Exercise → Look for "Plod" in each line of the records, and copy the lines that have it.

[Stored data]
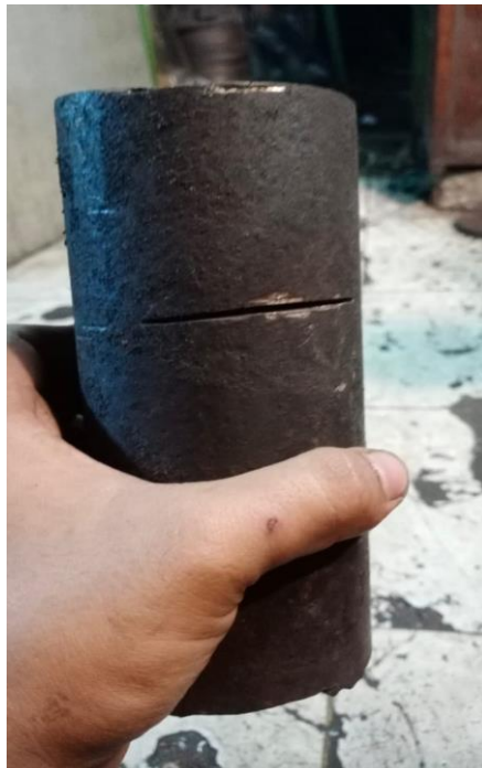
Gambar Lampiran 3 Jenis Kecacatan
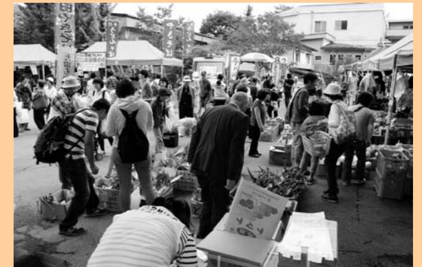
大盛況の農産物・飲食物販売ブース!!
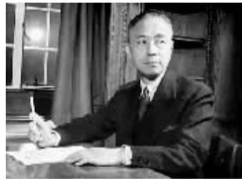
营救陈寅恪脱险的朱家骅。
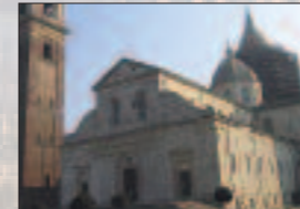
Sacra Sindone Duomo
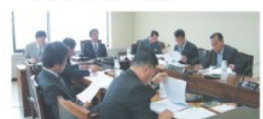
▲ 2007년도 제2회 추가경정 예산안 심사중 인 산업건설위원회 의원들

법」이 시행됨에 따라 법령에서 조례로 위임한 사항을 조례로 규정하여 우리시 실정에 맞게 시행하고자 제정함
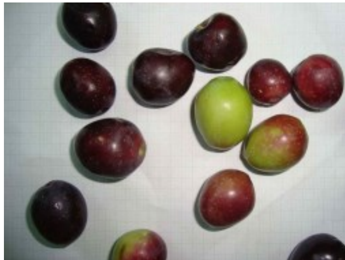
Slika 3. Plod oblice

Oblicu karakterizira dvojaka namjena. Plod se može prerađivati u ulje, ali i konzervirati zbog svoje veličine. Sadržaj ulja u plodu je 18-21 % što uvelike ovisi o uzgojnim uvjetima i godišnjim agrotehničkim prilikama (web 5).
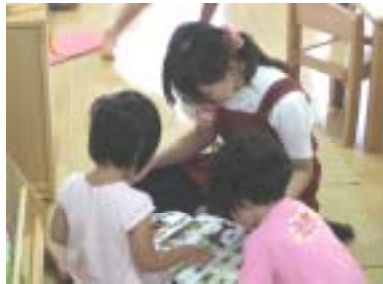
お姉ちゃん読んで！保育園での一コマ

毎年恒例の、夏のボランティア体験。今年は73箇所の施設・団体の方々に活動の場を提供していただき、中学生から社会人までの104名が体験を行いました。参加者の感想文による活動報告文集「わたしたちの夏」を今月中旬に発行します。今回参加できなかった方も、活動した方の体験談を参考に、はじめの一步をふみだしてみませんか？
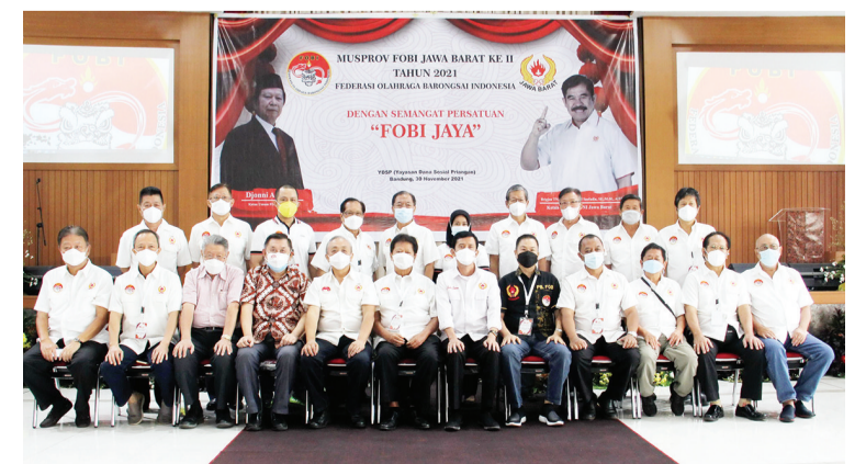
理监事与辅导合影
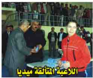
اللاعبات الثلاثة ميدانيا

دهوك: هرمز موسى توج الفريق النسوي لنادي سنحاريب الرياضي بكرة السلة بطلا لمحافظة دهوك للمرة الثانية عشرة على التوالي منذ البطولة الأولى التي أقيمت عام ١٩٩٣، في البطولة النسوية التي اختتمت في المحافظة الخمسين الخامس عشر من شباط الجاري بحضور جماهيري كبير غصت به مدرجات قاعة دهوك المغلقة، وبمشاركة أربعة أندية هي إضافة لسنحاريب كل من كرة وراخو وعقرة، وتواصلت مباريات البطولة على مدى أربعة أيام متواصلة بطريقة التسقيط الزوجي.
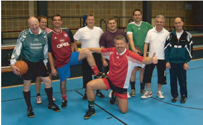
Der harte Kern...oder?

Bilder sagen mehr als Worte. Die Truppe ist einfach klasse!
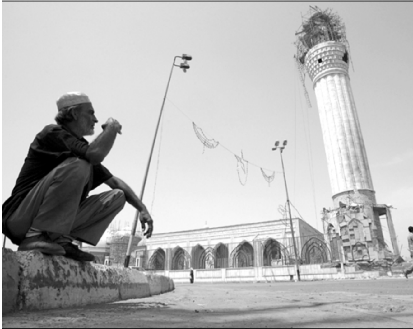
عراقي ينظر الى مسجد عبد القادر الكيلاني الذي تعرض لهجوم امس الاول
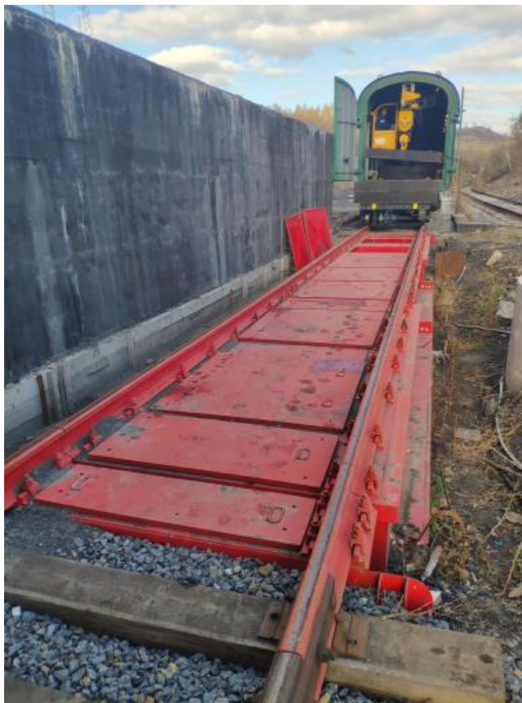
Рисунок 1 – Общий вид ГПУ весов

Общий вид ГПУ весов представлен на рисунке 1.
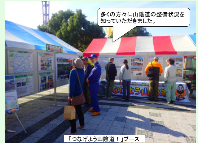
「つなげよう山陰道！」ブース

11月11日に三隅中央公園で開催された「みすみフェスティバル」で、島根県埋蔵文化財調査センター、三隅・益田道路安全協議会、浜田河川国道事務所の共同で「つなげよう山陰道！」ブースを出展させていただきました。山陰道のパネル展示の他、三隅・益田道路の埋蔵文化財調査で発掘された陶磁器などの展示や、冬用タイヤの早期装着の啓発、道路パトロールカーの乗車体験も行いました。天気も良く多くの皆さんが来場され、大変良い活動となりました。
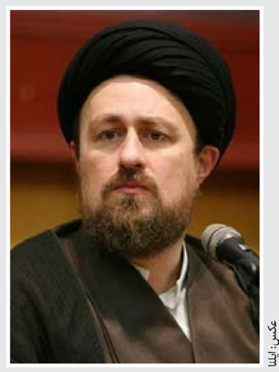
حسن خمینی: مردم باید زمانی که به ما می‌رسند، احساس آرامش کنند
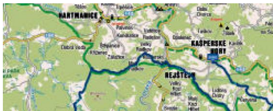
PODROBNÉ VEDENÍ linie trasy na mapě najdete na: http://www.cykloserver.cz/f/8d95153927/
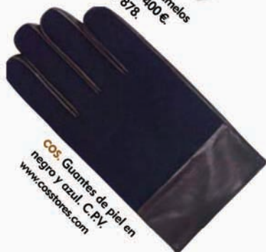
CO5. Guantes de piel en negro y azul. C.P.Y. www.casstores.com
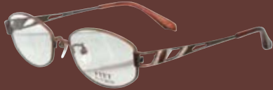
FITT FT15 フレーム + レンズ 14800円 (単焦点超薄型レンズ加算なし)
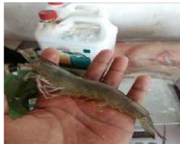
Gambar 1. Udang Vannamei

Hasil dari penggunaan strategi pembesaran udang vannamei tersebut, petani tambak udang desa Noreh selalu menjaga kepercayaan dari pelanggan. Petani tambak udang desa Noreh juga mengontrol dan mendokumentasikannya terlebih dahulu dalam setiap proses penebaran benur, pembesaran hingga panen dan memperlihatkannya kepada pelanggan terlebih dahulu. Produk udang vannamei hasil panen dapat dilihat pada gambar dibawah ini.
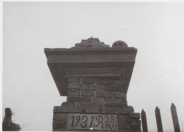
Górna część filara
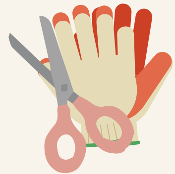
장갑, 가위 등의 작업도구

작업도구는 70% 알코올 또는 일반락스 20배 희석액을 이용해 분무 또는 10초 이상 담그기
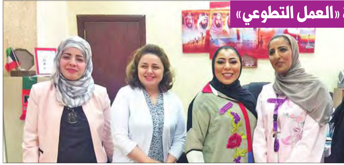
صورة جماعية للمعلمات

Expected answer →
Slika 3. Plod oblice
Oblicu karakterizira dvojaka namjena. Plod se može prerađivati u ulje, ali i konzervirati zbog svoje veličine. Sadržaj ulja u plodu je 18-21 % što uvelike ovisi o uzgojnim uvjetima i godišnjim agrotehničkim prilikama (web 5).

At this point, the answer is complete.